== Segment start ==

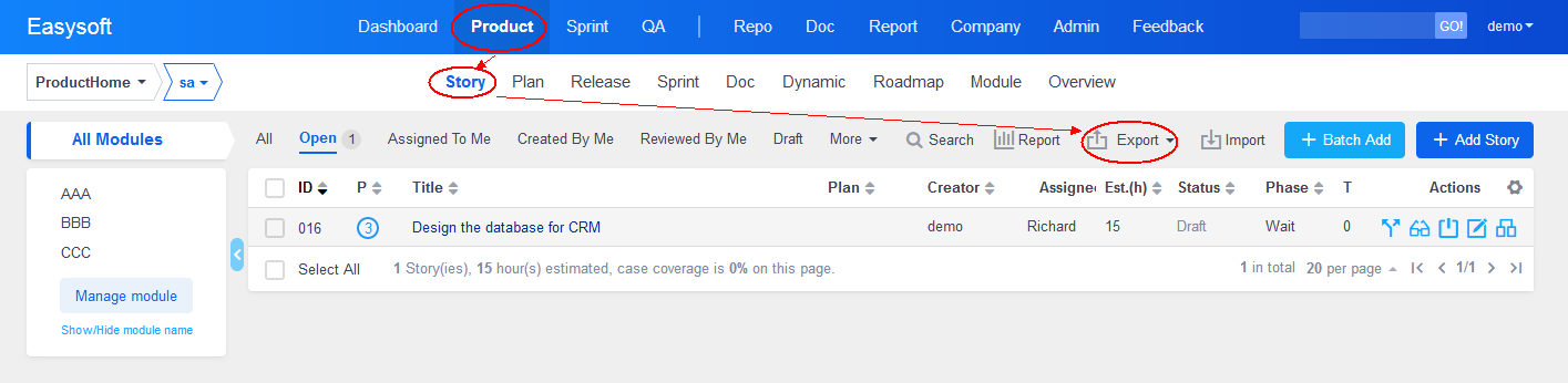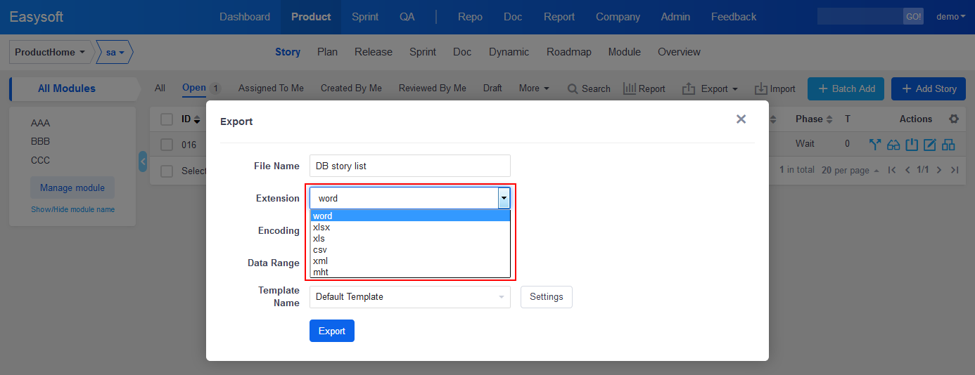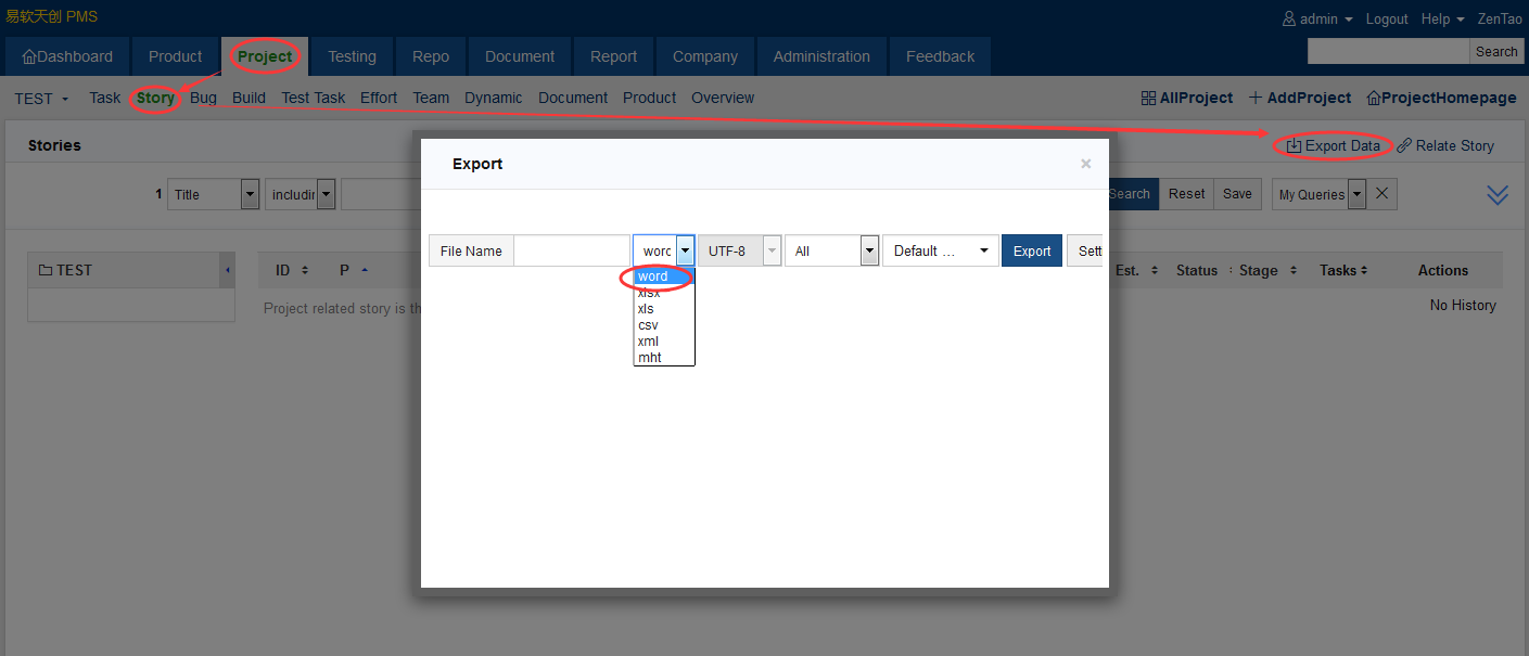 Note: Currently, only Product->Story and QA->Report can be exported as Word files. Task/Bug/Case can't be exported for now.If an ima
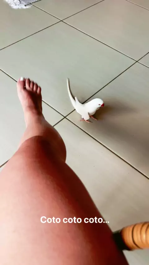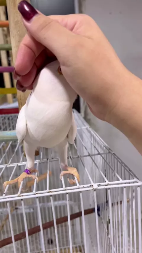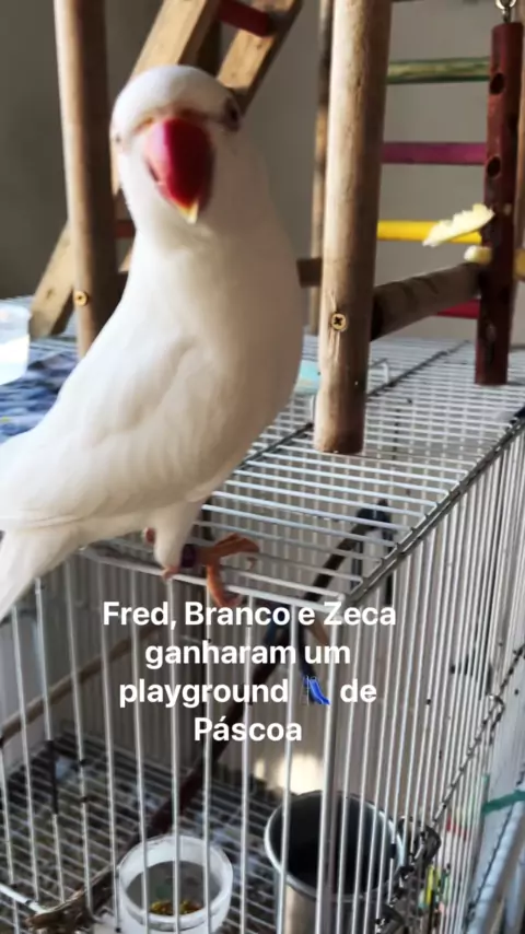 Sou um Ring Neck albino! Me divirto com minha mãe, irmãos e brinquedos!
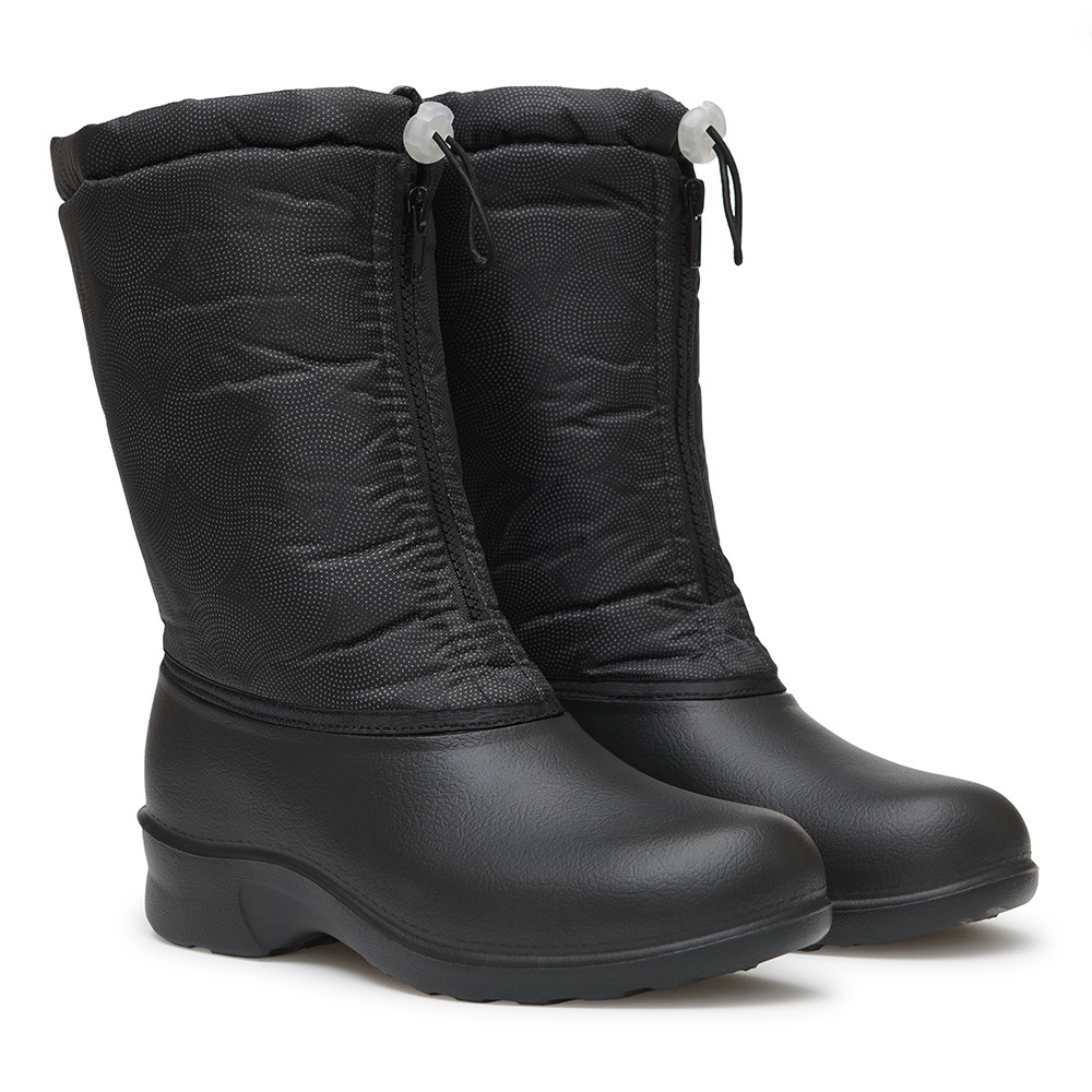 Женские сапоги с молнией созданы для холодного времени года. Низ обуви - материал ЭВА DU-Care. Верх обуви изготовлен из водоотталкивающей ткани, сдублированной поролоном. Подкладка из ткани ПВЧ также сдублированной поролоном. Благодаря этому обувь очень хорошо сохраняет тепло, обладает достаточной воздухопроницаемостью, комфортностью, создает надежный барьер проникновению холода. Информация для оптовиков:
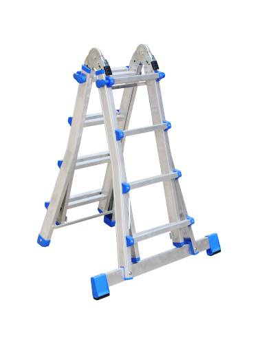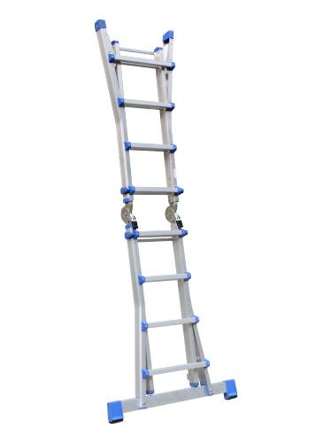 L'échelle Multiscopic en aluminium permet un usage polyvalent en toutes circonstances. C'est un moyen d'accès léger, sécurisé et confortable. Cette échelle s'utilise déployée droite ou en position double plan de montée. Ses échelons déportés permettent un bon confort d'utilisation. Il est possible d'utiliser cette échelle en décalage de niveau. Articulations robustes en acier. Verrouillage de l'échelon. Larges patins antidérapants et embase stabilisatrice. Pour un usage intensif professionnel ou domestique. Elle répond à la norme EN 131-4 et au décret 96 333. Charge maxi 150kg.
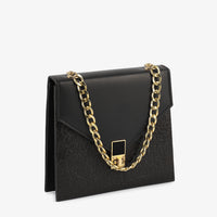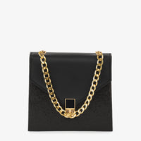 Elevate your evening ensemble with this elegant women's bag. It features a sleek, square silhouette with a smooth, black texture. A gold-toned chain strap and a matching clasp add...
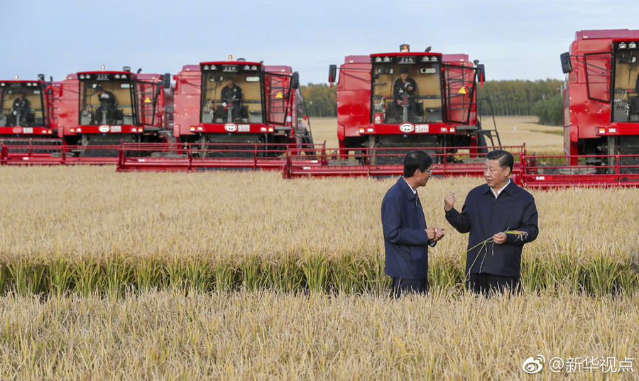 25日下午,首個“中國農民豐收節”剛過,習近平就深入三江平原腹地黑龍江農墾建三江管理局,考察糧食生產和收獲情況。他邊聽介紹,邊向農場負責人詢問今年收成如何、有沒有病蟲害、能否做到連年豐收,并強調中國人的飯碗任何時候都要牢牢端在自己的手上。在北大荒精準農業農機中心一樓大廳,當地出產的米油豆奶等各類農產品擺滿展臺。習近平走近前去,雙手捧起一碗大米,意味深長地說:“中國糧食,中國飯碗。”(文字:張曉松 攝影:謝環馳)
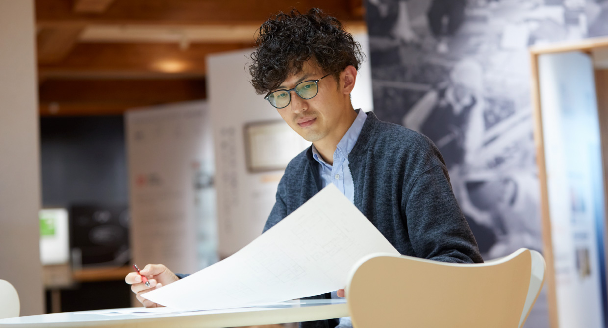 大学で意匠設計を学んだことをきっかけに持つようになったのは、自分で設計するなら、工程のすべてに関わることができる住宅を手掛けたいという思い。そこで就職活動では、ハウスメーカーの設計者を志望するとともに、住宅設計であれば、設計の自由度が高い木造軸組工法の会社に就職したいと考えた。数ある木造ハウスメーカーの中でも、ポラスグループが展開する注文住宅ブランド「PO HAUS」のデザインに惹きつけられ、入社を決意。現場監督、営業等を経験し、現職に至る。

== Segment end ==

__EXERCISE AIM__
Could you reproduce exactly the lines from the first line of the listing through the line containing "Женские сапоги с", both included, with pictures left out?

__RESPONSE TO THIS EXERCISE__
 Note: Currently, only Product->Story and QA->Report can be exported as Word files. Task/Bug/Case can't be exported for now.If an ima
 Sou um Ring Neck albino! Me divirto com minha mãe, irmãos e brinquedos!
 Женские сапоги с молнией созданы для холодного времени года. Низ обуви - материал ЭВА DU-Care. Верх обуви изготовлен из водоотталкивающей ткани, сдублированной поролоном. Подкладка из ткани ПВЧ также сдублированной поролоном. Благодаря этому обувь очень хорошо сохраняет тепло, обладает достаточной воздухопроницаемостью, комфортностью, создает надежный барьер проникновению холода. Информация для оптовиков:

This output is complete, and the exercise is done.